此題與1.32、1.33是一個系列題,沒什么難度,只不過把sum的加改成乘就可以了,遞歸與迭代版本相應修改即可:
;(define (product term a next b)
; (if (> a b)
; 1
; (* (term a) (product term (next a) next b))))
(define (product-iter term a next b result)
(if (> a b)
result
(product-iter term (next a) next b (* result (term a)))))
分號注釋的是遞歸版本。利用product過程生成一個計算pi的過程,也是很簡單,通過觀察公式的規律即可得出:
(define (product term a next b)
(product-iter term a next b 1))
(define (inc x) (+ x 2))
(define (pi-term n)(/ (* (- n 1) (+ n 1)) (* n n)))
(define (product-pi a b)
(product pi-term a inc b))
測試一下:
> (* 4 (product-pi 3 1000))
3.1431638424191978569077933
再來看習題1.32,如果說sum和product過程是一定程度的抽象,將對累積項和下一項的處理抽象為過程作為參數提取出來,那么這個題目要求將累積的操作也作為參數提取出來,是更高層次的抽象,同樣也難不倒我們:
(define (accumulate combiner null-value term a next b)
(if (> a b)
null-value
(combiner (term a) (accumulate combiner null-value term (next a) next b))))
OK,其中combiner是進行累積的操作,而null-value值基本值。
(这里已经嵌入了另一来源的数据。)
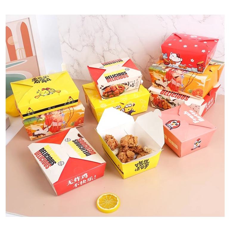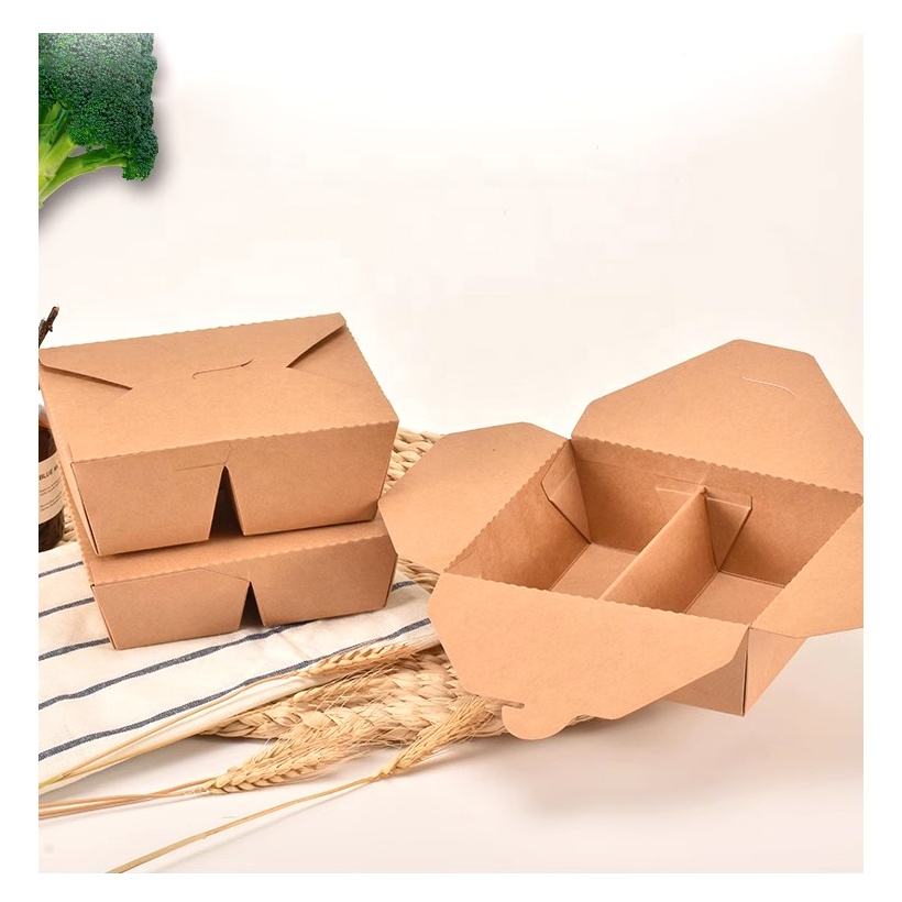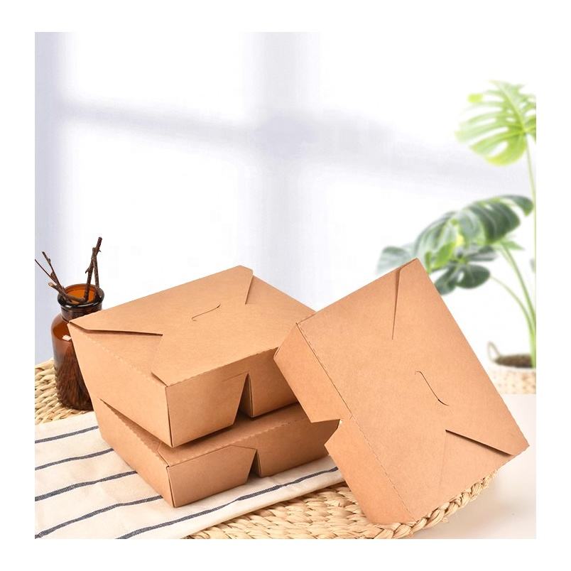 Vente en gros de boîte d'emballage en papier biodégradable à emporter boîte à lunch enduite de cire avec logo personnalisé boîte d'emballage jetable de fast-food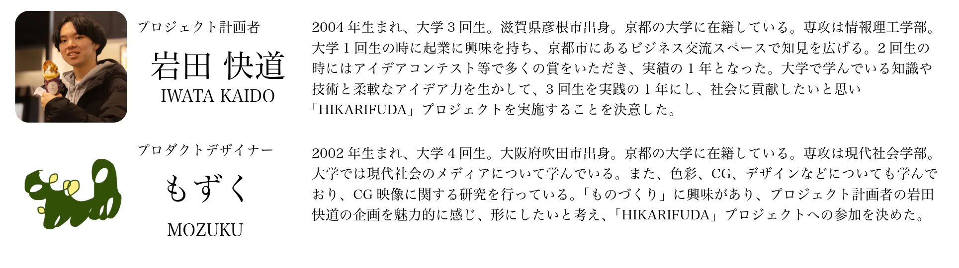 もずく(花札デザイン、校閲担当):デザイン担当のもずくです。快道さんからお声がけいただき、花札や周りのアクリル部分のデザインをさせていただきました。私自身はペットを飼っていないのですが友人にペットを飼っている方が多く、また小動物が好きなこともあり、外出時や遠い将来でも大切なペットと一緒にいられる「HIKARIFUDA」を非常に魅力的に感じています。私はこのプロジェクトを通し、企画力や発想力を身につけ、作品のデザインの幅を広げたいと考えています。そして、ペットを愛する方法の一つとしてたくさんの人のお役に立てたらと思っています。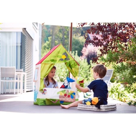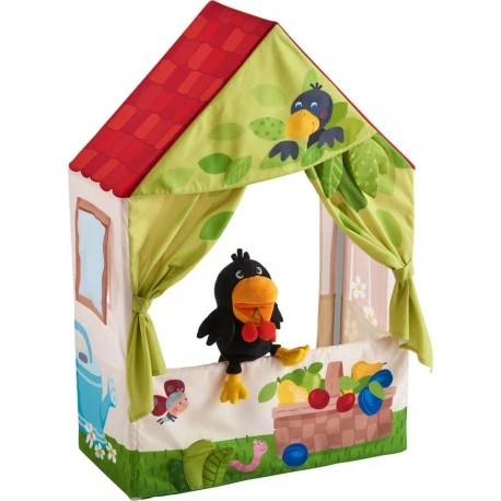 Vorhang auf! Hier warten spannende Abenteuer mit Rabe Theo und seinen Freunden im Obstgarten auf kleine Puppenspieler. Das HABA Puppentheater lässt sich via Kunststoffstangen aufbauen: verbinden, fixieren – und schon kann die Vorstellung beginnen! Lieferung ohne Handpuppen..

現在改寫sum和product過程,對于sum過程來說,累積的操作就是加法,而基本值當然是0了:
(define (sum term a next b)
(accumulate + 0 term a next b))
而對于product,累積操作是乘法,而基本值是1,因此:
(define (product term a next b)
(accumulate * 1 term a next b))
測試一下過去寫的那些測試程序,比如生成pi的過程,可以驗證一切正常!
上面的accumulate過程是遞歸版本,對應的迭代版本也很容易改寫了:
(define (accumulate-iter combiner term a next b result)
(if (> a b)
result
(accumulate-iter combiner term (next a) next b (combiner result (term a)))))
(define (accumulate combiner null-value term a next b)
(accumulate-iter combiner term a next b null-value))
再看習題1.33,在accumulate的基礎上多增加一個filter的參數(也是一個過程,用于判斷項是否符合要求),在accumulate的基礎上稍微修改下,在每次累積之前進行判斷即可:
(define (filtered-accumulate combiner null-value term a next b filter)
(cond ((> a b) null-value)
((filter a) (combiner (term a) (filtered-accumulate combiner null-value term (next a) next b filter)))
(else (filtered-accumulate combiner null-value term (next a) next b filter))))
比如,求a到b中的所有素數之和的過程可以寫為(利用以前寫的prime?過程來判斷素數):
(define (sum-primes a b)
(filtered-accumulate + 0 identity a inc b prime?))
測試一下:
> (sum-primes 2 4)
5
> (sum-primes 2 7)
17
> (sum-primes 2 11)
28
> (sum-primes 2 100)
1060